Trust me, my Note II (and this would be true of my Note, if I still had it; and it was true of my Infuse 4G, too; and the phones before it) is as cool and up-to-date, and bleeding-edge as it needs to be. It's customized to the hilt and does things which routinely amaze even technogeeks...
...all on Android OS 4.1.2 Jelly Bean. And I could not care one whit when 4.3 comes out. Not one.
But, that said, here's the other thing that happens: App makers just decide, in their arrogance, without consulting anyone, or even bothering to look at the market penetration of devices running various operating systems, to stop supporting certain OS levels. We've been, for a little while, now, seeing app makers whose apps will no longer run on even 2.3 Gingerbread...
...despite that AT&T, just to name one, was selling phones into two year contracts that are capable of running no higher-level OS as recently as last year.

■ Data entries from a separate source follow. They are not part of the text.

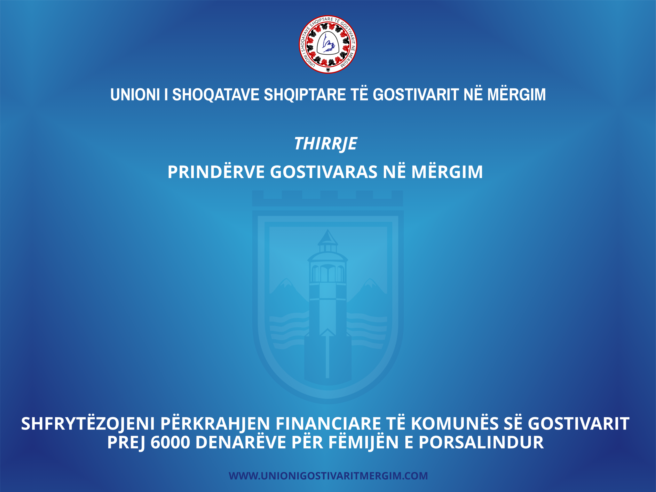 Unioni i Shoqatave Shqiptare të Gostivarit në Mërgim, i njofton të gjithë familjet gostivarase që përkohësisht punojnë dhe jetojnë jashtë Gostivarit, në Mërgim, sidomos prindërit e fëmijëve të porsalindur nga 1 janari i 2025-ës, se kanë të drejt të barabartë si gjithë qytetarët, ta shfrytëzojnë të drejtën e njëhershme financiare prej 6000 denarëve për fëmijën e porsalindur, të cilën e ofron Komuna e Gostivarit.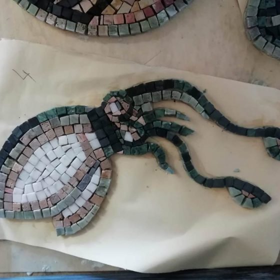 L’arte musiva è un’arte millenaria per la quale piccole tessere musive, quali pietre naturali, di terracotta o di paste vitree, bianche, nere o colorate, vengono applicate su un fondo preparato con un apposito intonaco, riproducendo un determinato disegno. Una tecnica nata in Mesopotamia e poi esportata nel mondo dell’antichità per decorare pavimenti e pareti o singoli elementi architettonici e scultorei; fino a che in epoca cristiana il mosaico divenne l’elemento fondamentale per decorare le chiese riproducendo scene dell’arte sacra.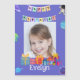 Con un vibrante fondo de color púrpura claro adornado con planetas juguetones y una ilustración caprichosa de un astronauta, esta tarjeta personalizada te permite agregar el nombre del niño que cumple años y una foto querida, creando un recuerdo único y memorable.
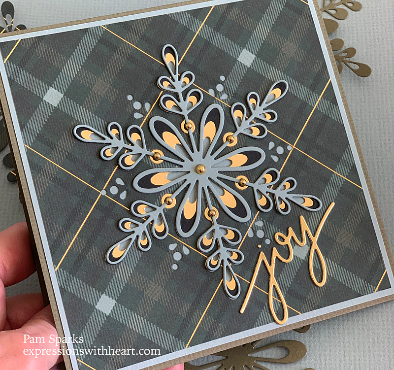 2. I do love the Memory Box plaid papers, and that snowflake — wowie WOW! I need to give serious consideration to these sentiments, too. Can never have too many. Thanks Pam!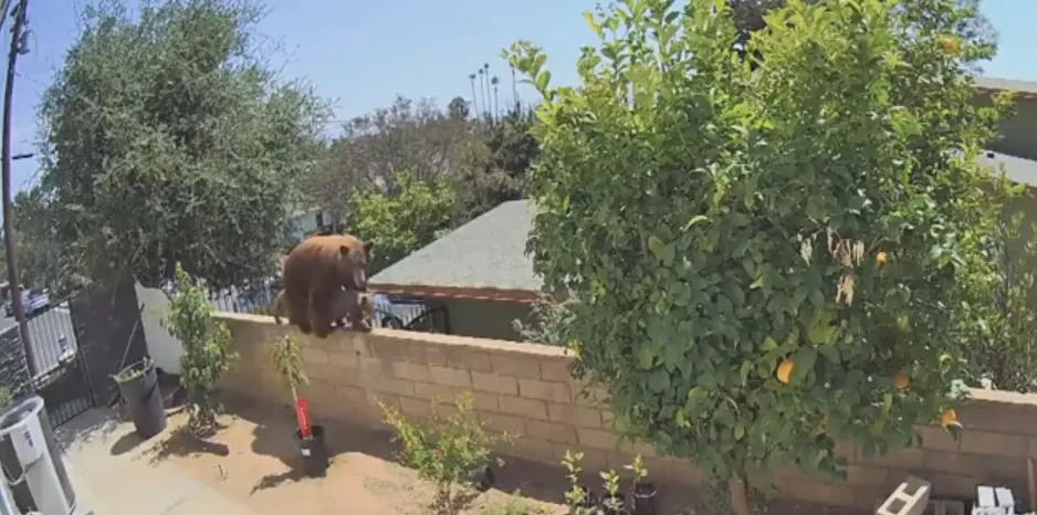 Ситуация произошла в Калифорнии, в городке Брэдбери, долине Сан-Габриэль. В одном из местных дворов медведица с медвежатами забралась на забор. Лесного зверя попытались прогнать собаки, но силы, конечно же, были неравны. Медведица справилась с ними одной лапой.

In the end, it's really only the arrogant, unthinking, never-hear-of-backward-compatibility app makers who force people's hands when it comes to updates/upgrades. If Android app makers would be professional, and think, in terms of backward compatibility, like Windows app makers (who ensure, even now, that their stuff works on XP, Vista, Win7 and Win8), then all this pressure to upgrade would not exist.